1995 novel by Troy Denning

The Titan of Twilight is a fantasy novel by Troy Denning, set in the world of the Forgotten Realms, and based on the Dungeons & Dragons role-playing game. It is the third novel published in "The Twilight Giants" trilogy of novels. It was published in paperback in September 1995, with a paperback re-issue in October 2005.

==Plot summary==
The Titan of Twilight is a novel in which the out of wedlock child born to Queen Brianna of Hartsvale leads to numerous deaths. The giants of the land believe the baby to be a Titan of Twilight, the last giant-kin descendant of Annam All-Father, creator of giant races. His coming is a prophecy the giant-kin believe, and they do everything they can so that Queen Brianna reaches the Twilight Vale. The child is supposedly to restore Ostoria, an ancient giant kingdom.

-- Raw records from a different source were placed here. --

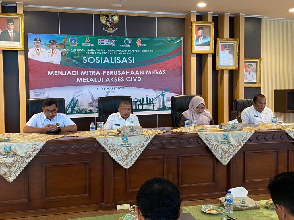 Mandalapos.co.id, ANAMBAS – Pemerintah Kabupaten Kepulauan Anambas melalui Dinas Koperasi dan Usaha Mikro Perdagangan dan Perindustrian (DKUMPP) bekerjasama dengan Satuan Kerja Khusus Pelaksana Kegiatan Usaha Hulu Migas (SKK Migas) menggelar sosialisasi dan pendaftaran Centralized Integrated Vendor Database (CIVD) bagi vendor atau Penyedia Barang dan Jasa (PBJ). Kegiatan ini dilaksanakan di Kantor Bupati Anambas, Rabu (15/3).
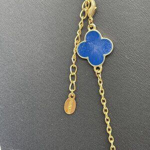 Fornash Blue Enamel Station Four Leaf Flower Chain Necklace Gold Tone 40 Inches
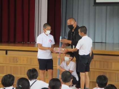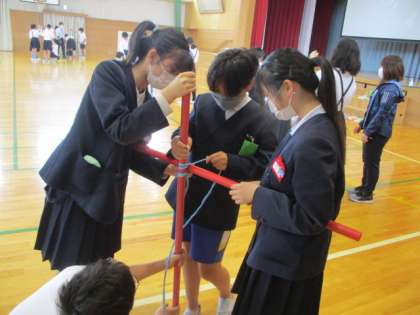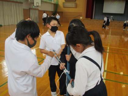 立山青少年自然の家から講師の先生に来ていただき、森小屋つくりのロープの縛り方を教えてもらいました。どの班も仲間と協力して活動できました。来週の宿泊学習が楽しみです。
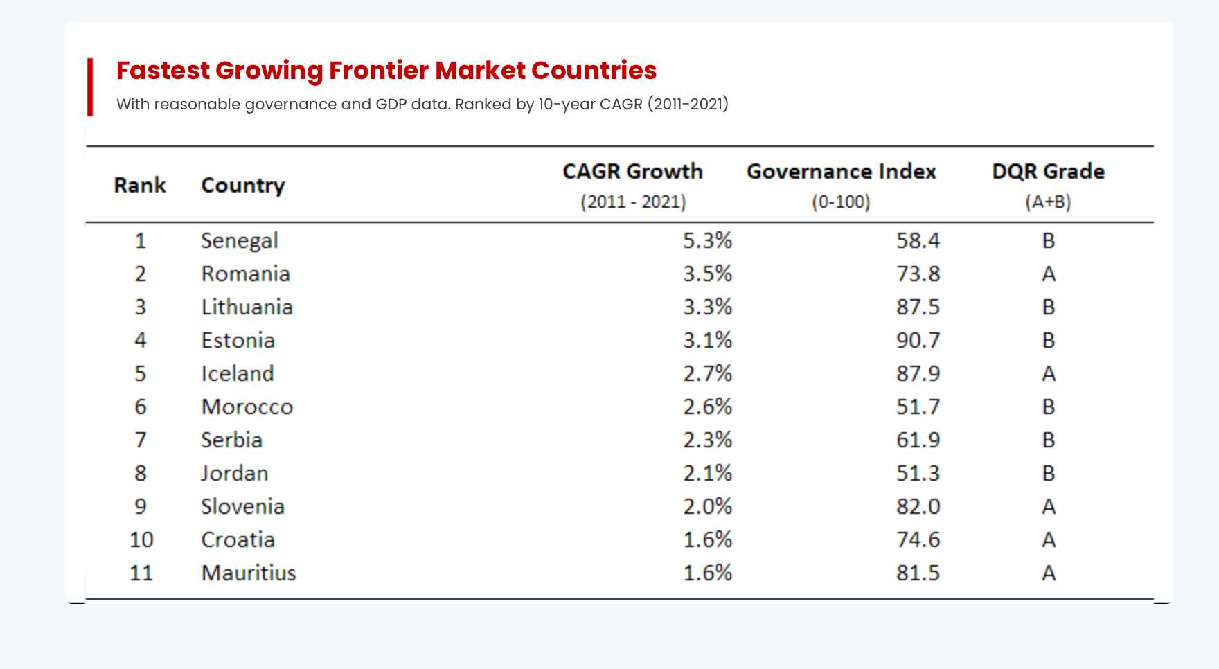 Néanmoins, le second pays africain sur la liste des 10 premiers pays à croissance moyenne régulière est le Maroc dont la moyenne a été de 2,6% de croissance pour la période, avec un taux de gouvernance encore moins bon que celui du Sénégal, car situé à 51,3/100. Le pays africain suivant, et qui est d’ailleurs le 11ème et dernier de la liste, est l’Ile Maurice, pays classé dans la catégorie A. Sa croissance moyenne n’a pourtant été que d’1,6% sur la période, même si en termes de gouvernance, le pays fait 81,5%, comme une bonne partie de pays occidentaux.
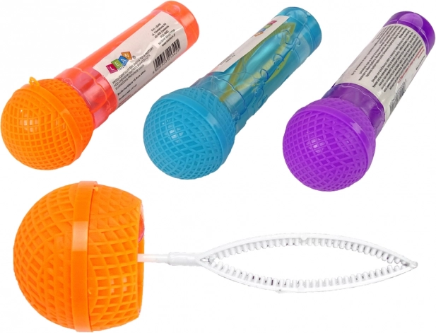 Sæbebobler i mikrofonform er et ideelt tilbehør til fester, børnefødselsdage og almindelig udendørs leg. Den gennemsigtige væske og den praktiske stav gør det nemt at puste eller svinge let og straks trylle smukke regnbuebobler frem. Takket være mikrofon-designet kan børn leve sig ind i rollen som sangere og kombinere bobleskabelse med kreativ leg.
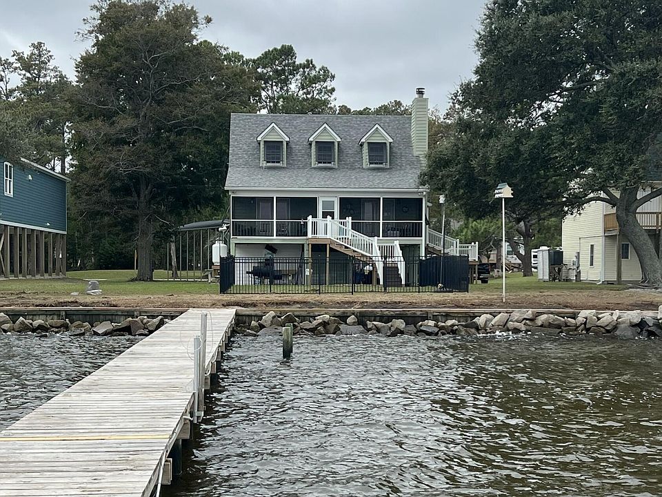 Fishermen, Boaters: get WATERFRONT at a fantastic price. Your own dock with 7,000# boat lift right outside your recently renovated home. Enjoy the water view from your screened porch, accessible from the living room or your main floor master bedroom. Master bath redone with a beautiful walk-in shower. Kitchen has been updated with quality cabinetry, and the appliances are included. New HVAC system. Fenced back yard area for the safety of pets and children. Outdoor shower to clean off after the boat or the community beach.
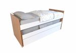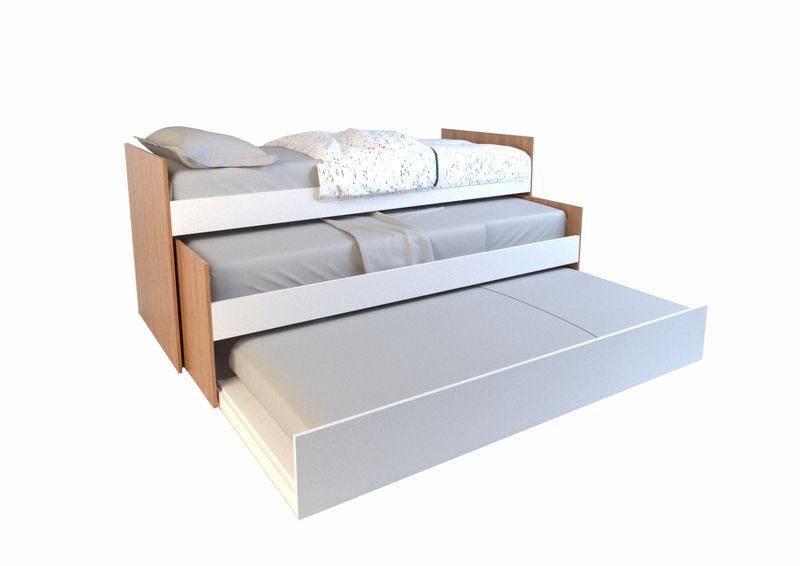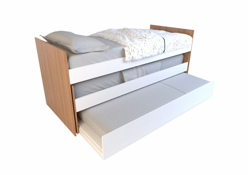 - Cama media: De 1 plaza con rejilla en melamina, diseñada para colchón de 0,80 x 1,90 m y hasta 18 cm de altura. Incluye ruedas que facilitan el deslizamiento.
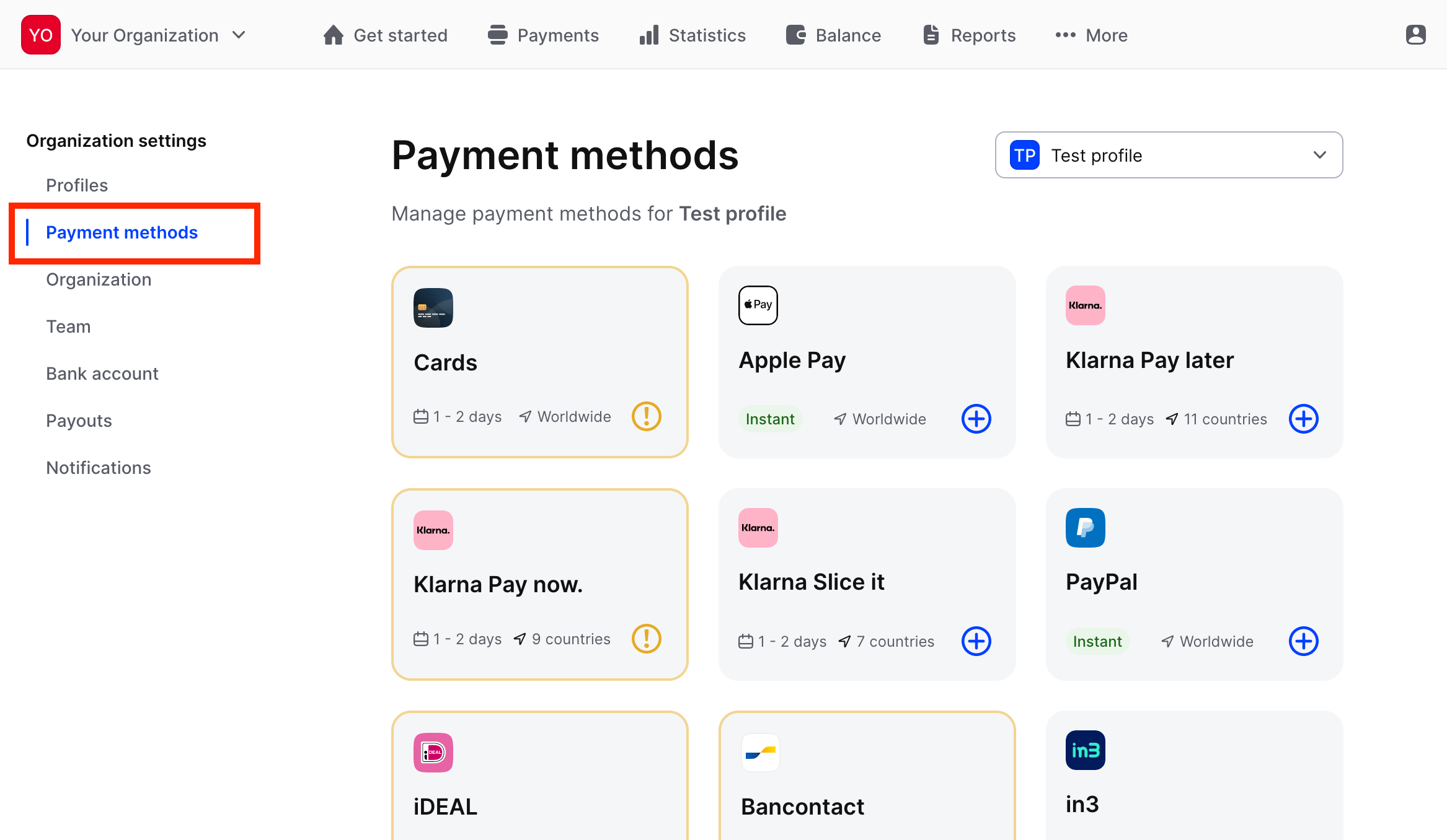 Then go to `Payment methods`:
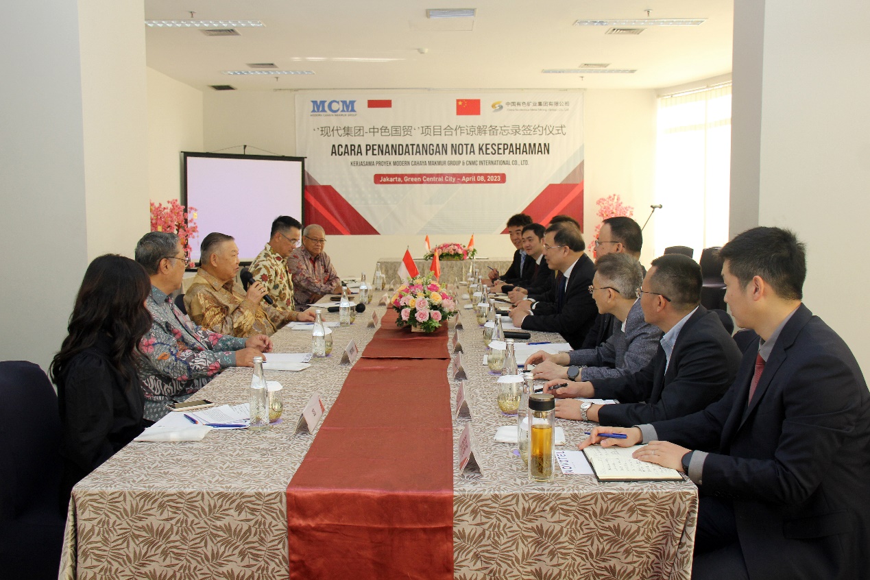 在印尼期間,奚正平董事長一行拜訪了印尼Modern集團,對Modern集團的發展及現狀、印尼礦產資源、經濟產業情況進行了深入交流,出席了“現代集團-中色國貿”項目合作諒解備忘錄簽約儀式。工作組一行對Modern雅加達Cikende工業園進行了實地考察。
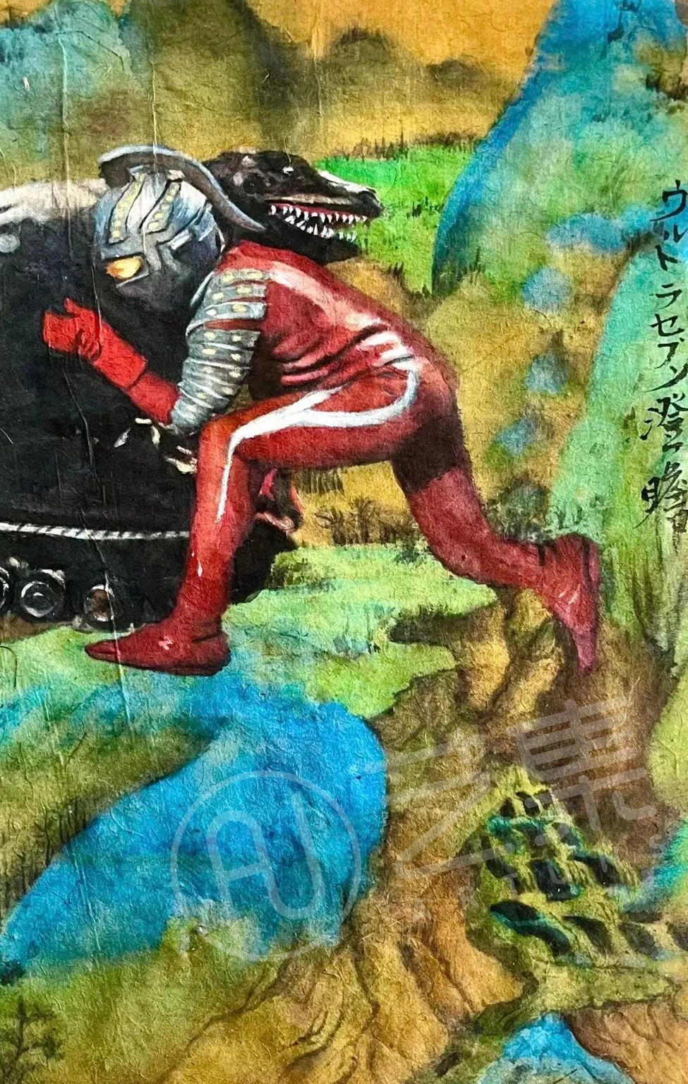 艺术混搭!明清山水的灵动浪漫碰撞奥特曼、怪兽的皮套粗质感,中国风和昭和感碰撞。

The main protagonist, a firbolg by the name of Tavis Burdun and his friends fight to stop them.

==Reception==
Gideon Kibblewhite reviewed The Titan of Twilight for Arcane magazine, rating it a 6 out of 10 overall. He calls the novel "An enjoyable romp" noting that "The body count is extraordinarily high, with expendable soldiers and leading characters on all sides meeting all manner of gruesome deaths. Indeed, this is one of the book's strengths. The story begins with a vicious battle and thereafter a steady shower of lopped limbs keeps things ticking along nicely." He comments that "Troy Denning has great fun dishing up a variety of tricky problems and hideous monsters for our heroes to tackle as events roll towards a stunning finale where the legendary titan himself makes an appearance." Kibblewhite concludes the review by saying "Not one for the faint-hearted (you'll never win a fair lady either) but for the rest of us an above-average read."